Selain berserikat, kekuatan suara juga berdampak besar secara politik bila bersifat ilmiah. Seperti pernyataan Francis Bacon "Knowledge is Poswer", maka riset adalah landasan dasar untuk menyusun kekuasaan. Legitimasi politik atau hukum datang dari hasil kerja ilmu pengetahuan. Inilah alasan China gencar melakukan riset, mengumpulkan arsip dan bukti sejarah sebagai landasan klaimnya atas LCS. Apakah kita hanya tinggal diam?
Oleh sebab itu, kita harus mendorong kampus, para akademisi, peneliti, sejarawan, hingga ilmuwan lingkungan agar menyusun gerakan "riset untuk pertahanan dan kedaulatan maritime Indonesia". Hasil-hasil kerja akademis itu dapat berubah menjadi barikade-barikade kuat, menghalau arus keruh dari utara yang menerjang kedaulatan maritime Indonesia.
Suara sipil tak hanya berfungsi untuk mempertahankan kedaulatan saja, melainkan mampu melambungkan Indonesia kembali mengarungi Samudra seperti dulu kala. Sebab, untuk berhasil mengarungi dunia dibutuhkan suara yang lebih tinggi, yang bernama visi, ideologi, atau pemikiran besar suatu bangsa. Mengapa? Sebab lautan selalu berpasangan dengan pemikiran besar. Hampir mustahil pikiran kerdil berani melaut.

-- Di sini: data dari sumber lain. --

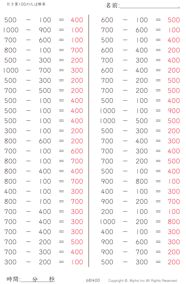 上記のボタンから「引き算100のたば」の算数数学ドリル・計算ドリル(PDFプリント)がダウンロードできます。個人利用は無料です(家庭以外での配布は有料です)。
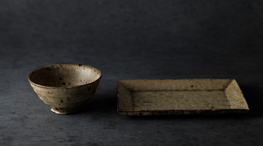 尾形アツシ|荒山粉引めし碗 ヒビ粉引長方皿
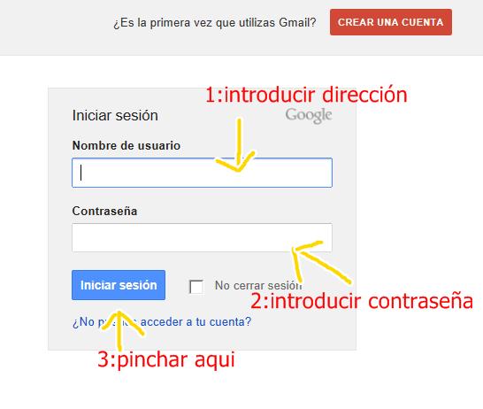 Para poder iniciar sesión en Gmail, es indispensable que antes poseamos una cuenta o dirección de Gmail. Para ello podemos poner en nuestro navegador la siguiente direción: mail.google.com o basta que en nuestro buscador (google.es por ejemplo) marquemos la siguiente combinación de palabras: crear cuenta gmail y pinchar sobre alguna de las opciones que nos salga. Yo particularmente prefiero la primera opción ya que nos lleva a donde queremos ir directamente.
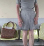 昨晩とちがって、いかにも朝らしいカチッとしたプリーツミニスカート...夜の調教を想像しながら、朝から被虐の情感に浸りきって、スカートの中を濡らす純子です...
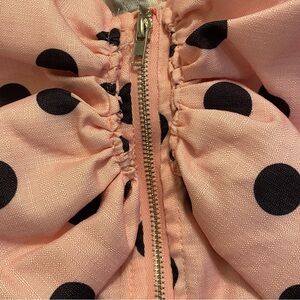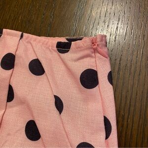 Adorable pink and black polkadot off shoulder corset style top and matching mini skirt from Pretty Little Thing. Top features large bow design, back exposed zipper closure, and boning for a flattering fit. Mini skirt feature invisible size zipper. This is SO cute for spring and summer and looks designer! Never worn! Both pieces are women’s size 6

Jika diperhatikan, bangsa-bangsa besar yang berhasil menjelajahi Samudra pasti memiliki ideologi atau pemikiran besar yang dibawa. Misalnya, bangsa Eropa dulu berlayar ke seluruh penjuru dunia membawa misi peradaban dan menyebarkan agama Kristen. Lalu, bangsa Timur-Tengah mengarungi Samudra dengan agama Islam, lalu India dengan membawa ajaran Hindu-Budha. Kemudian Jepang dengan ideologi kejayaan Asia Timur.
Lalu di abad modern, Barat kembali mengarungi Samudra dengan membawa ideologi Demokrasi, Hak Asasi Manusia, dan Kapitalisme. Lalu ada Rusia, China dan Blok Timur dengan Sosialismenya. Lalu belakangan ini, muncul visi penyelamatan bumi, gerakan ekologi sebagai visi baru yang dibawa Barat ke seluruh penjuru dunia. Misalnya seperti Prancis yang membangun Kerjasama dengan negara Asia Tenggara di bidang lingkungan.
Itulah sederet bukti, bahwa hanya pemikiran dan visi besar yang mampu mengembangkan layar suatu negara untuk mengarungi Samudra. Negara-negara besar berorientasi pada politik luar negeri, bergerak melampaui batas gografisnya. Lantas, apa visi besar Indonesia?
Pemikiran dan visi besar hanya bisa muncul dari pergumulan percakapan rakyat, yang berhasil ditangkap oleh manusia besar sejarah. Indonesia sendiri sudah punya visi besar, yakni Pancasila.